地道に情報収集を続け、なんとかクリト鉱山跡地の内部を知ることができた。

とは言っても、ほとんどはセラフィのおかげだ。

昔使っていたという閉山前の見取り図と、現在使われている部分の照らし合わせはすべてセラフィが行った。

クリト鉱山制圧のためには、情報部隊だけでは無理なので、ガシェ国からも増援が送られることになっている。

中にやばいものがあることもわかっているので、気を引き締めてかからないとだな。

このクリト鉱山跡地の拠点を潰してしまえば、作戦変更にともない、多くの情報部隊の者たちが帰国できる。

まぁ、国の中枢に入り込んだ奴らは、もう少し頑張ってもらうことが決定しているが。


「そう言えば、みんな戻ってきているみたいよ。貴方の悪友たち」


サワが日常的な会話を装って、得た情報を伝える。


「こんな状況じゃなかったら、酒でも飲みにいくんだがなぁ」


悪友たち、つまりは俺の部下だ。

呼び寄せた者が全員揃ったようだ。

一度、作戦会議を開きたいところだが、集団で何かやっているのがばれるとまずい。

どうすっかなぁ…。

机の上に広げた地図や見取り図を眺めながら考える。

人目につかず、大勢が集まっても不審ではない場所。

少し離れるが、国境沿いが無難か?

いや、確かここら辺に放棄された集落があったよな?

ここら辺調べた報告書、どこ行った!?

家の中には、無造作にいろいろな書類が保管されている。

あえて整理していないため、よく行方不明になるのには毎回困っている。

もし、敵が忍び込んでも、床に散らばっている書類が大事なものだとはわからないだろう。
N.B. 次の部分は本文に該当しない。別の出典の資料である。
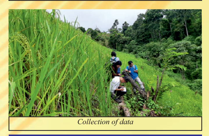
Activities undertaken in various District Management Units
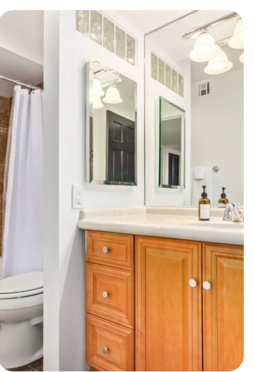
Phoenix 25 | Page 7 of 8
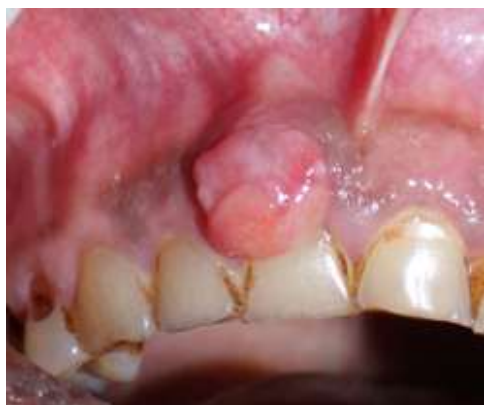
Fig. 1: Solitary gingival growth irt 11.

removed. Surgical intervention of POF should ensure deep incision of lesion including periosteum. Due to increased recurrence rates regular follow up is essential. Incomplete excision of lesion and/ or due to perseverance of local factors is the possible reason for recurrence. Recurrence rates have been reported from 7% to 45%. 18,4

一応、内容は暗号化されているし、重要機密はすべて頭の中だ。

重要機密は国に保管され、その複製が俺たちに送られてくる。

しかし、それには一色(ひといろ)で燃える文様魔法が施されてから送られてくるのだ。

一色以内に読んで頭に叩き込まなければ、燃えてなくなる。

危険な状況のときに送ってくる馬鹿はいないが、もし読めなかったら他の情報部隊の奴と繋ぎを取り、口頭で伝えられる。

王宮以外で文章として残すことが禁じられているからだ。


ようやく見つけた報告書を調べると、この町の近くに放棄された集落があった。

鉱山跡地から離れているし、この場所ならガシェ王国へ避難するのだと言って誤魔化すこともできる。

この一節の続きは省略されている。